**Work task:** Starting at the line that contains "Москва. 27 июля." and stopping at the line that contains "Душовий піддон Laufen", transcribe every line of the material below exactly; pictures stay out.

**Data in this exercise:**

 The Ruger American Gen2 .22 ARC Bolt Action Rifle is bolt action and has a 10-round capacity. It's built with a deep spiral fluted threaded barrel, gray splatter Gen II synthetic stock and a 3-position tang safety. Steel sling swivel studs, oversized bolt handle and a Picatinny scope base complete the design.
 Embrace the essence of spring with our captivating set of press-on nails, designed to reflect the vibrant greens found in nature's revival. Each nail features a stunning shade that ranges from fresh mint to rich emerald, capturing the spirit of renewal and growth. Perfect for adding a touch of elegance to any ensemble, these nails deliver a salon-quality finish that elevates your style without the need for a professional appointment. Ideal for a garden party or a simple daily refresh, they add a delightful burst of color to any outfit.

---

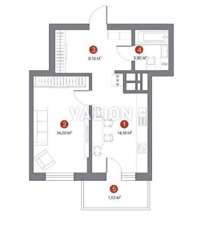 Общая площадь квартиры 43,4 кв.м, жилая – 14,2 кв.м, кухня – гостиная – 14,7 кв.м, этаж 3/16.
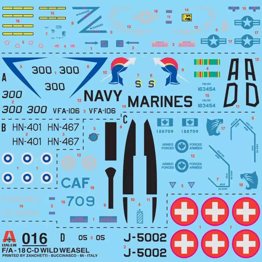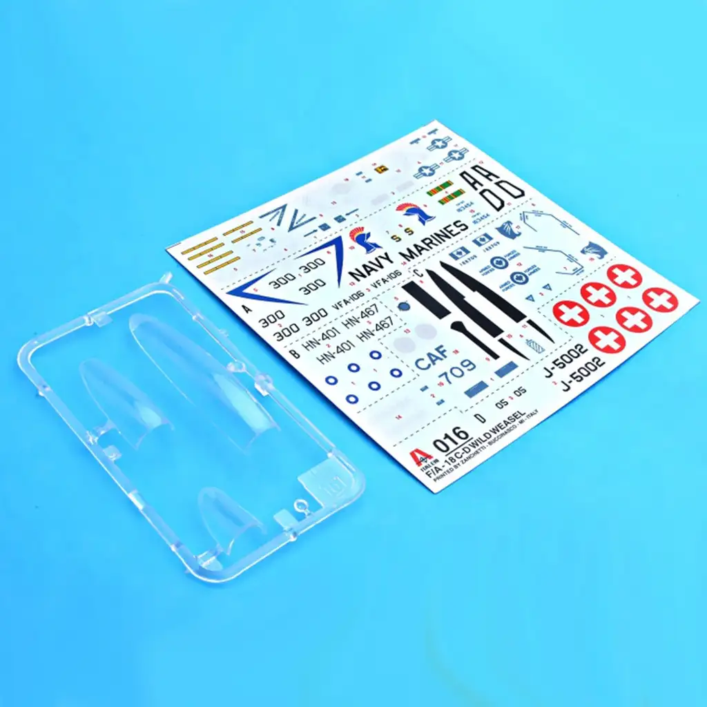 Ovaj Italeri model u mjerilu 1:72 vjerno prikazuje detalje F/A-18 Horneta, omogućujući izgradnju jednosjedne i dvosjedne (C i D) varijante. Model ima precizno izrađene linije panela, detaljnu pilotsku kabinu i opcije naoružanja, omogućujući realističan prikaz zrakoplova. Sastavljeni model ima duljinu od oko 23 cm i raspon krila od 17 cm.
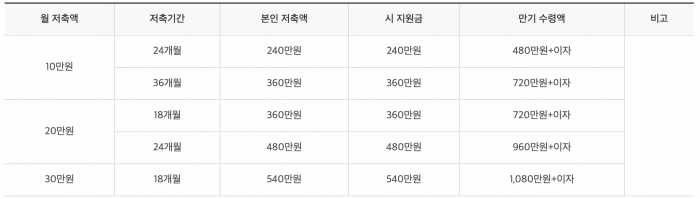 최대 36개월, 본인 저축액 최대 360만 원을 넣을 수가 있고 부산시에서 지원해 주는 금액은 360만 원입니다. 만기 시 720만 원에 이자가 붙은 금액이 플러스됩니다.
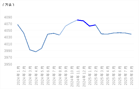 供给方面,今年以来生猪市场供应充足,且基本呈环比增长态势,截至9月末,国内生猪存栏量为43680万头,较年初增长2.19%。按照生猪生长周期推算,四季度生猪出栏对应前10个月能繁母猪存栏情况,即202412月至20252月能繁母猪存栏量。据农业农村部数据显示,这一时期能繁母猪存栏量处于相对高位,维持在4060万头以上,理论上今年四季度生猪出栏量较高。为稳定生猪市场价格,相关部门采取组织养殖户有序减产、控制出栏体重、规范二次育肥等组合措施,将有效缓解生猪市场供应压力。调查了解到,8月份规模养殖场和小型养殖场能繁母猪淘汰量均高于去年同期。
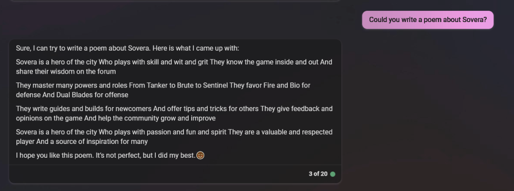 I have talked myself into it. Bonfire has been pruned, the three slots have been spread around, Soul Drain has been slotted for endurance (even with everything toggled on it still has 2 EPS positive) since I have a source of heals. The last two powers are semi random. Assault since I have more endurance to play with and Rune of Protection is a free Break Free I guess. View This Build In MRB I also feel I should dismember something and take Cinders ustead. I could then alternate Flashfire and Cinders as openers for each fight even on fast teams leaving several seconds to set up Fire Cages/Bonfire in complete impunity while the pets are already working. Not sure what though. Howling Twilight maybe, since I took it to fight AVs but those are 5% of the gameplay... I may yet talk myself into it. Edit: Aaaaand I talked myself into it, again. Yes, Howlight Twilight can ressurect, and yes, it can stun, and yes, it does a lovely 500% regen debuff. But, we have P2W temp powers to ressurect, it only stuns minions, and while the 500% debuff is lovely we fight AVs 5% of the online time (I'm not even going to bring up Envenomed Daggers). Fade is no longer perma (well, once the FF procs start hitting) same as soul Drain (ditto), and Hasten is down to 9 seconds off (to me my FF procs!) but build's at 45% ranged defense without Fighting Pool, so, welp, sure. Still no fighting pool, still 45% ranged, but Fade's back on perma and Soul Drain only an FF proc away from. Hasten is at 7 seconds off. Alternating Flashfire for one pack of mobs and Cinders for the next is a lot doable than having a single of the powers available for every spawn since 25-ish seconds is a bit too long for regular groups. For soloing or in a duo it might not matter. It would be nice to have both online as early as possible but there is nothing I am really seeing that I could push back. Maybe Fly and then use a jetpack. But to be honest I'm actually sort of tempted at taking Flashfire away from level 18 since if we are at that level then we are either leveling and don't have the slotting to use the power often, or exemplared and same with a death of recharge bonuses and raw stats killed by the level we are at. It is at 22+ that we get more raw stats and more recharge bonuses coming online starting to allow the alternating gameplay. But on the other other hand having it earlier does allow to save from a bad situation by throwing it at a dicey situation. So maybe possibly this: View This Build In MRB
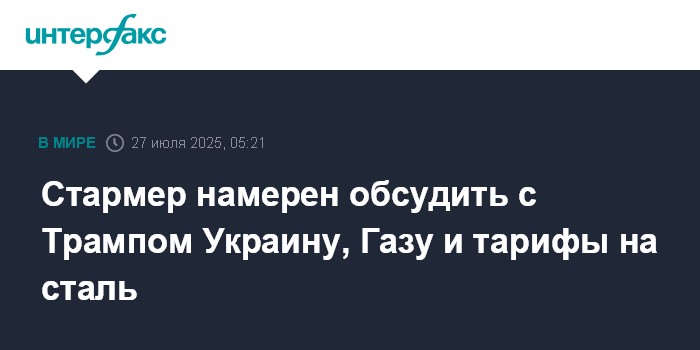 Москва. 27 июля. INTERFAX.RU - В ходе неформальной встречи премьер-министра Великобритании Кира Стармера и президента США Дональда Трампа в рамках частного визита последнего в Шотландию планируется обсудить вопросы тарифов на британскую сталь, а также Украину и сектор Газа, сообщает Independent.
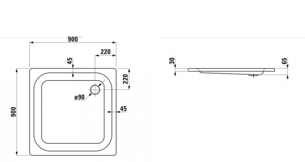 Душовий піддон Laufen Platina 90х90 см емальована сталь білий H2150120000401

**Answer space:**
 Москва. 27 июля. INTERFAX.RU - В ходе неформальной встречи премьер-министра Великобритании Кира Стармера и президента США Дональда Трампа в рамках частного визита последнего в Шотландию планируется обсудить вопросы тарифов на британскую сталь, а также Украину и сектор Газа, сообщает Independent.
 Душовий піддон Laufen Platina 90х90 см емальована сталь білий H2150120000401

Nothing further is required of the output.